WHAT YOU SHOULD DO:
Where a picture shows up in the listing below, omit it and output the rest exactly.
*** RECORDED DATA ***
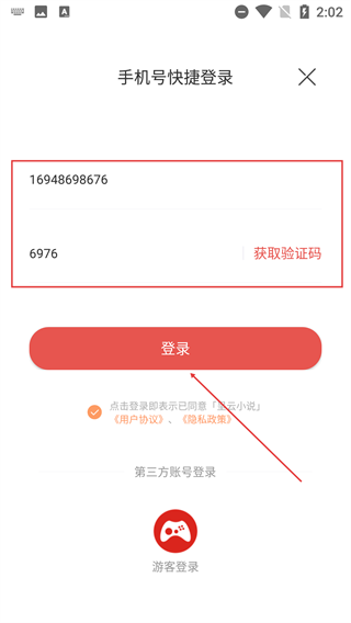 在【手机号快捷登录】页面,输入手机号和收到的验证码,勾选相关协议后点击【登录】按钮即可完成登录;此外,还能选择第三方登录或游客登录这两种方式。
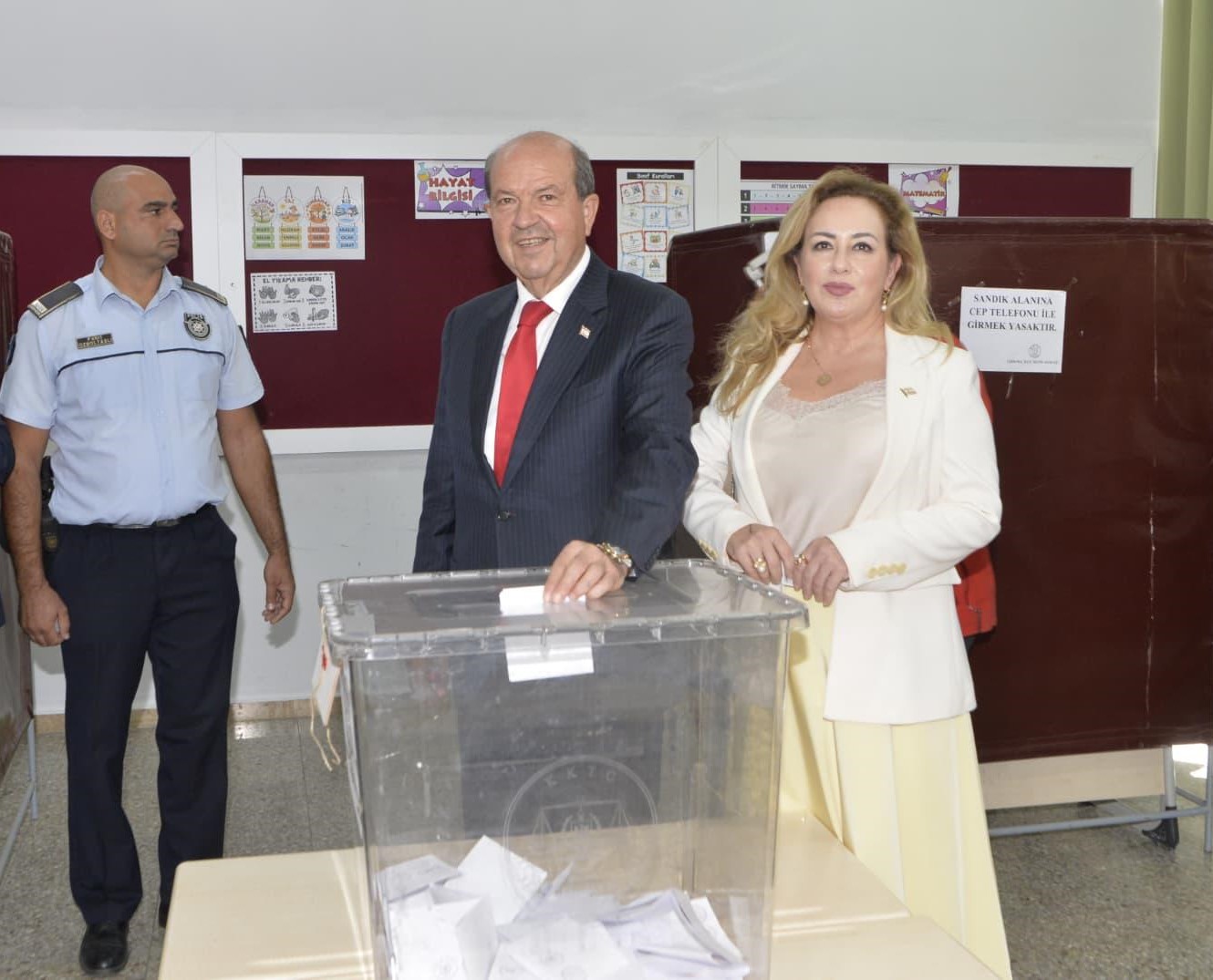 Kuzey Kıbrıs Türk Cumhuriyeti (KKTC) Cumhurbaşkanı ve bağımsız cumhurbaşkanı adayı Ersin Tatar, eşi Sibel Tatar ile oyunu, Lefkoşa Şehit Tuncer İlkokulu’nda 157 numaralı sandıkta kullandı.
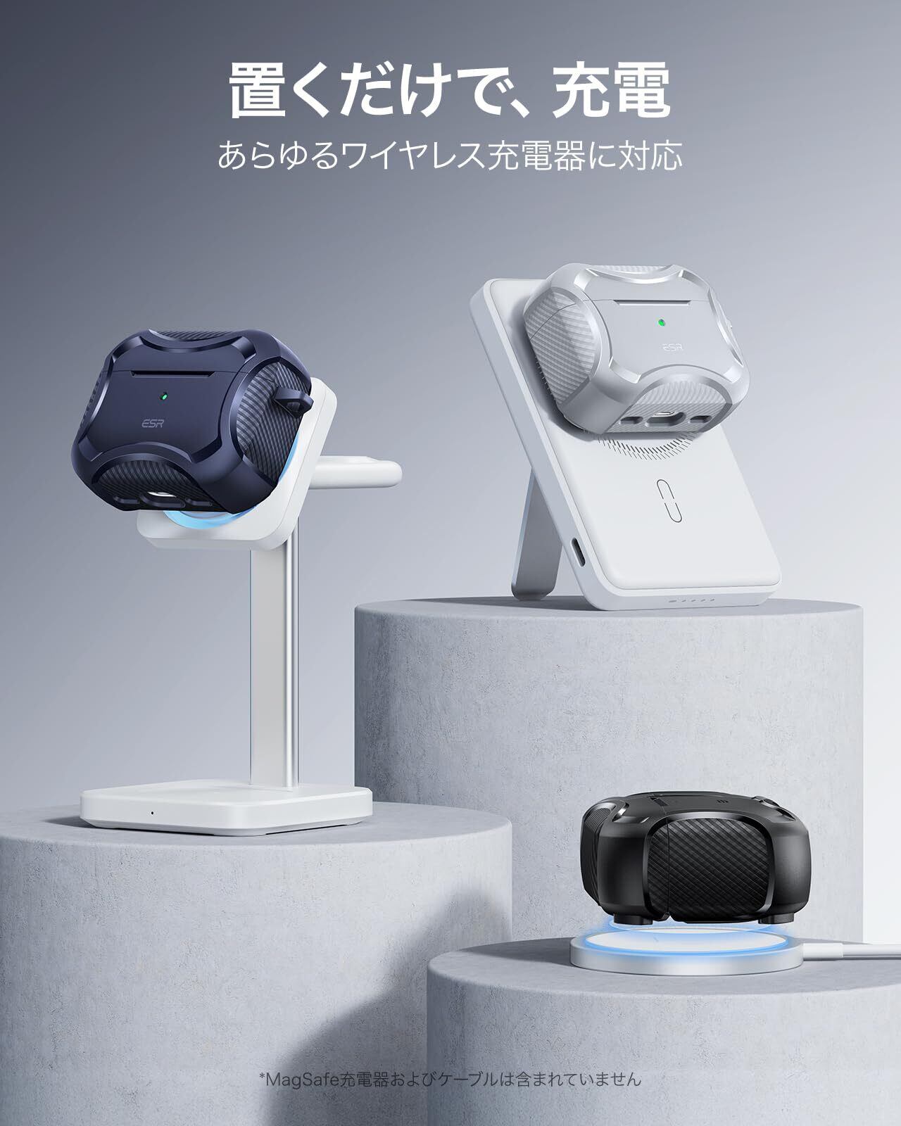 【強力落下保護】:衝撃吸収ポリマーと、エアーガードコーナーが最悪の落下や衝撃から充電ケースを守ります。
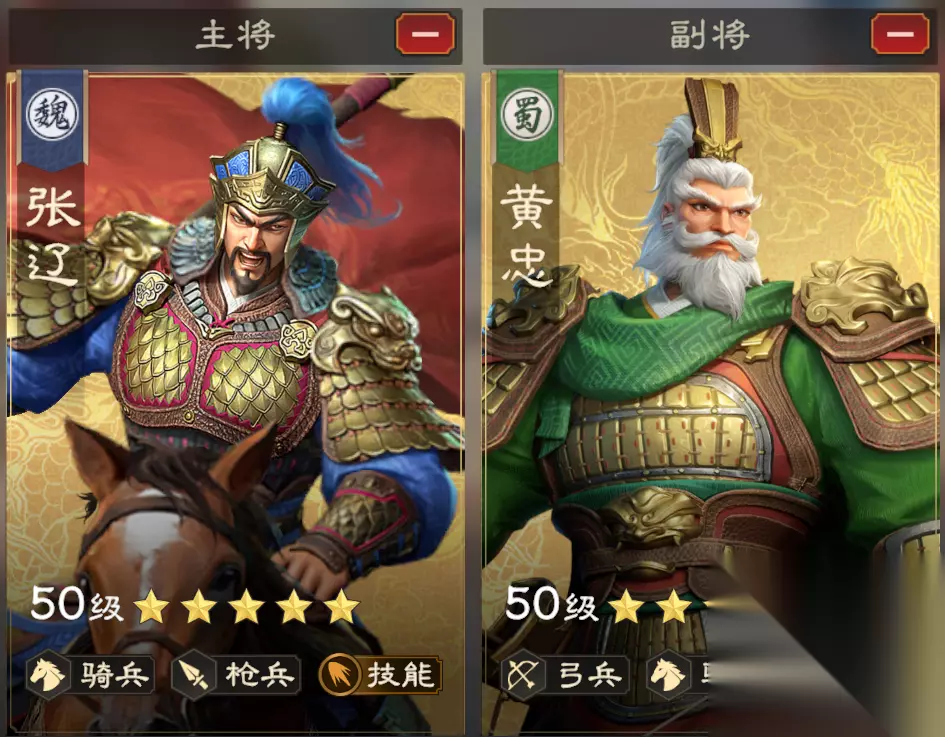 兵种:禁军(击飞、提升暴击) 推荐阵法:双龙阵 张辽可给部队每秒提供怒气,在武将释放主动技时概率获得高额怒气,可大幅提高怒气获取,提升部队主动技释放频率。队伍的主动技释放频率越高,黄忠“老当益壮”就可以多次判定,来进一步提升主动技释放次数。 队伍简评 张辽搭配黄忠,技能释放频率会比搭配赵云更高,更高的技能频次可更快的压低敌方兵力。在实际配置的情况下,大家可基于武将练度灵活选择,黄忠一定是“老当益壮”有较高等级才能用。 武将替换 上文的两支队伍,都是“双回怒”机制,侧重于提升技能释放频率,在爆发、持续作战的场合都能打出较高伤害。
*** End of RECORDED DATA ***
SOLUTION FOR THIS EXERCISE:
 在【手机号快捷登录】页面,输入手机号和收到的验证码,勾选相关协议后点击【登录】按钮即可完成登录;此外,还能选择第三方登录或游客登录这两种方式。
 Kuzey Kıbrıs Türk Cumhuriyeti (KKTC) Cumhurbaşkanı ve bağımsız cumhurbaşkanı adayı Ersin Tatar, eşi Sibel Tatar ile oyunu, Lefkoşa Şehit Tuncer İlkokulu’nda 157 numaralı sandıkta kullandı.
 【強力落下保護】:衝撃吸収ポリマーと、エアーガードコーナーが最悪の落下や衝撃から充電ケースを守ります。
 兵种:禁军(击飞、提升暴击) 推荐阵法:双龙阵 张辽可给部队每秒提供怒气,在武将释放主动技时概率获得高额怒气,可大幅提高怒气获取,提升部队主动技释放频率。队伍的主动技释放频率越高,黄忠“老当益壮”就可以多次判定,来进一步提升主动技释放次数。 队伍简评 张辽搭配黄忠,技能释放频率会比搭配赵云更高,更高的技能频次可更快的压低敌方兵力。在实际配置的情况下,大家可基于武将练度灵活选择,黄忠一定是“老当益壮”有较高等级才能用。 武将替换 上文的两支队伍,都是“双回怒”机制,侧重于提升技能释放频率,在爆发、持续作战的场合都能打出较高伤害。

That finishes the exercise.